Ipsilateral retinocollicular projection requires RIM/2 for their topographic refinement. Anterogradely traced retinocollicular projections in control (A-A″, C-C″) and in Rim-cDKO (B-B″, D-D″) mice at P27. Ipsilateral (A,B,C,D) and contralateral (A′,B′,C′,D′) projections. (E) Schema representing the CTB-AlexaFluorDye injection in the eyes and the contralateral and ipsilateral projection in the SC at different rostro-caudal level. Ratio of ipsilateral pixels to the total number of pixels in the rostral (F) and caudal (H) SC. Mann-Whitney test revealed no difference in the proportion of ipsilateral projections between control and Rim-cDKO mice both in the rostral and caudal SC. Area occupied by the ipsilateral projection within the rostral (G) and caudal SC (I). Mann-Whitney test revealed that the ipsilateral territory is more extended in Rim-cDKO mice than in control mice both in the rostral and caudal SC. Error bars: SEM values. **p = 0.0012, ***p = 0.0003. ns: non significant.

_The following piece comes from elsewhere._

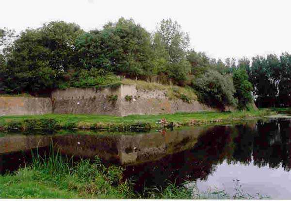 Fortress of Dunkirk. Old square fort, built in 1676, established on the Bergues canal and decommissioned by the Superior War Council on 1 October 1888 (law of 27 May 1889). Unlike its neighbour, fort Louis, its escarp is completely covered. We were unable to visit the interior. Water-filled moats where fishing is practised. Sometimes designated by the name "Fort Français" or also "Fort Saint-François". Today (09/2004) its glacis are laid out as a public park.

The organization of ipsilateral projections in the dLGN and the SC is impaired in Rim-cDKO
Since retinal activity is important for the refinement of the ipsilateral projection in the dLGN and the SC2, 36, we next investigated the organization of the ipsilateral projection in Rim-cDKO. No significant difference was found in the proportion of ipsilateral axons between the Rim-cDKO and control mice at P9 and at P27, quantified in terms of ipsilateral pixel numbers over the total dLGN pixel numbers (Figs 4E and 3E), suggesting that the total number of ipsilateral terminals is not modified at this macroscopic level. However, we could observe that ipsilateral axons were spread over a larger dLGN region with scattered ipsilateral fibers extending away from the main ipsilateral region in Rim- cDKO compared to control. We found a significant expansion of the ipsilateral projection in the dLGN in P9 and P27 Rim-cDKO (n = 6 and n = 7, respectively) compared to control mice (n = 9 and n = 8, respectively) (Figs 3A,B and 4A,B), quantified in terms of the region encompassing all ipsilateral axons (in Fig. 3E and 4E) and in terms of the extent of ipsilateral axons along the medio-lateral axis (in Figs 3G and 4G). There was also a significant increase in the extent of ipsilateral axons along the dorso-ventral dLGN axis in P27 Rim-cDKO (Fig. 3H), but not in P9 Rim-cDKO (Fig. 4H). Overall, these quantifications confirm that the number of ipsilateral axons is normal but that they spread and are scattered over a larger area in the Rim-cDKO mice with ectopic ipsilateral terminations in the contralateral territory (Figs 3B,4B).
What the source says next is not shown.